Countries with extremely low or high life expectancy in 1952

Using the vector of the interesting countries due to having highest slopes of increasing life expectancy in 1952, we first present a table illustrating slopes and intercepts of GDP per capita and life expectancy for this countries in the year 1952:

intrestingCountries <- c("Gambia","Tunisia","Libya","Saudi Arabia",
                         "Vietnam","Oman","Guatemala","Honduras","Nicaragua",
                         "Portugal","Bosnia and Herzegovina","Turkey")

inDat <- subset(iDat, country %in% intrestingCountries)
inDaty <- subset(inDat, year == c("1952","1957"))

yearMin <- min(iDat$year)
jFun <- function(x) {
  jFitLifeExp <- lm(lifeExp ~ I(year - yearMin), x)
  jCoefLifeExp <- coef(jFitLifeExp)
  jFitGDP <- lm(gdpPercap ~ I(year - yearMin), x)
  jCoefGDP <- coef(jFitGDP)
  names(jCoefLifeExp) <- NULL
  names(jCoefGDP) <- NULL
  return(c(interceptLifeExp = jCoefLifeExp[1],
           slopeLifeExp = jCoefLifeExp[2],
           interceptGDP = jCoefGDP[1],
           slopeGDP = jCoefGDP[2]))
  }
intretCoef <- ddply(inDaty, ~ country + continent, jFun)
intretCoef <- arrange(intretCoef,slopeLifeExp)
intretCoef <- xtable(intretCoef)
print(intretCoef, type="html", include.rownames= FALSE)
country continent interceptLifeExp slopeLifeExp interceptGDP slopeGDP
Portugal Europe 59.82 0.34 3068.32 141.25
Gambia Africa 30.00 0.41 485.23 7.14
Guatemala Americas 42.02 0.42 2428.24 37.78
Vietnam Asia 40.41 0.50 605.07 14.24
Tunisia Africa 44.60 0.50 1468.48 -14.65
Oman Asia 37.58 0.50 1828.23 82.90
Libya Africa 42.72 0.51 2387.55 212.15
Honduras Americas 41.91 0.55 2194.93 5.11
Saudi Arabia Asia 39.88 0.60 6459.55 339.61
Nicaragua Americas 42.31 0.62 3112.36 69.01
Turkey Europe 43.58 0.90 1969.10 49.93
Bosnia and Herzegovina Europe 53.82 0.93 973.53 76.09

As we can see from this table, slopes and intercepts related to GDP per capita variable are very different. Plotting the data for these two variables reveals some other interesting facts:

# I needed to do something with inDat's levels for the xyplot legends,  
# This one partially works but messes inDat: 
# levels(inDat$country) <- inDat$country
xyplot(lifeExp ~ factor(year)|continent, inDat, group= country, type= c("p","a"), sub ="Figure.5")
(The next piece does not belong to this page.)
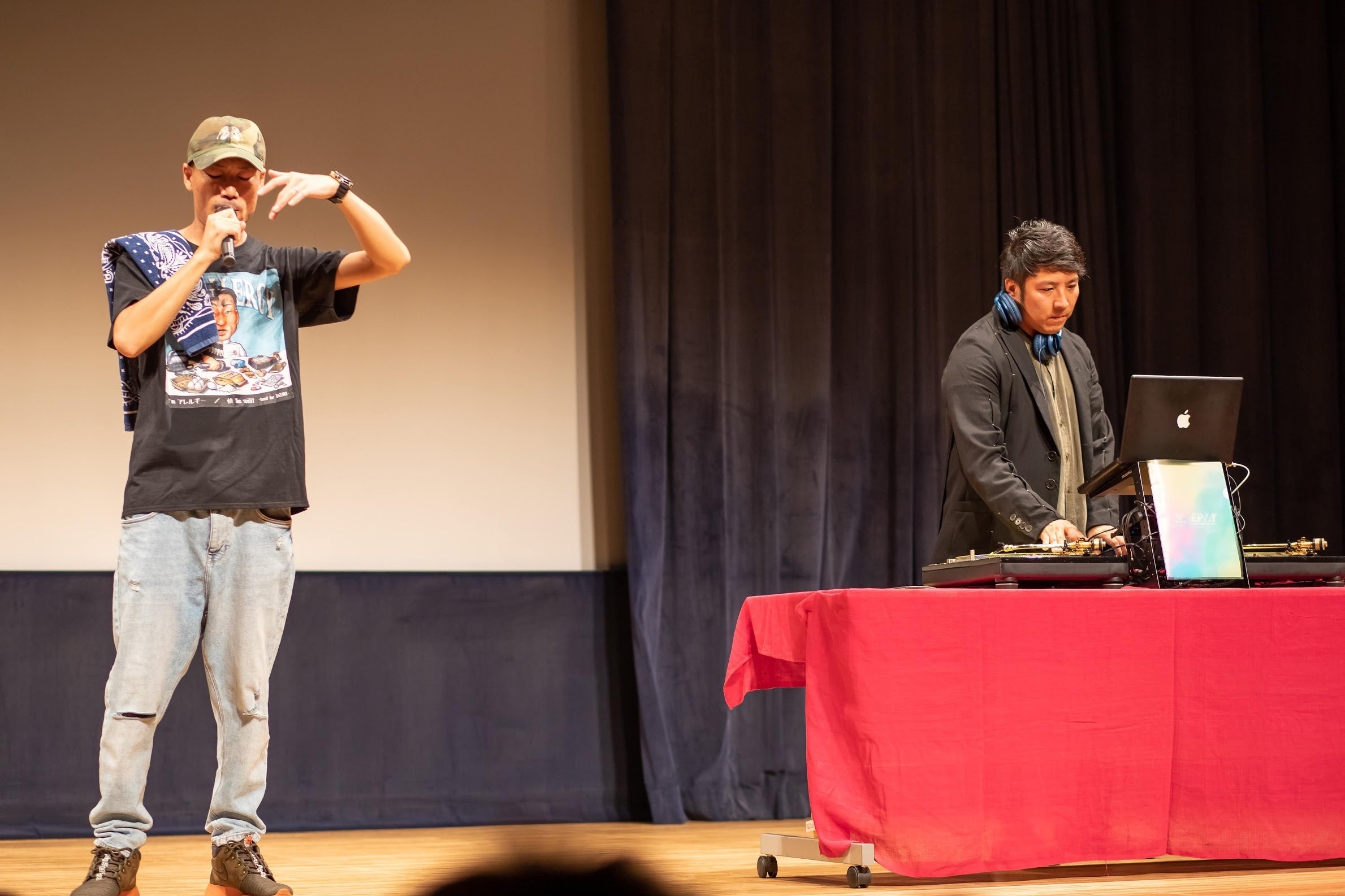 慎The Spilitこと作業療法士の佐々木慎さんと、DJ MINIYONこと作業療法士の田中孝史さんのLIVEパフォーマンス。心書家、河田広樹さんが音楽に合わせて今回の文化祭の「書」を描き上げました。

plot of chunk unnamed-chunk-12

xyplot(gdpPercap ~ factor(year)|continent, inDat, group= country, type= c("p","a"), sub ="Figure.6")

plot of chunk unnamed-chunk-12

I had a problem with levels of data and I could not show the legends, data has kept the legend of iDat (gDat - Oceania)
The behavior of GDP per capita for Saudi Arabia and Tunisia is interesting. The results show a relative maximum for them.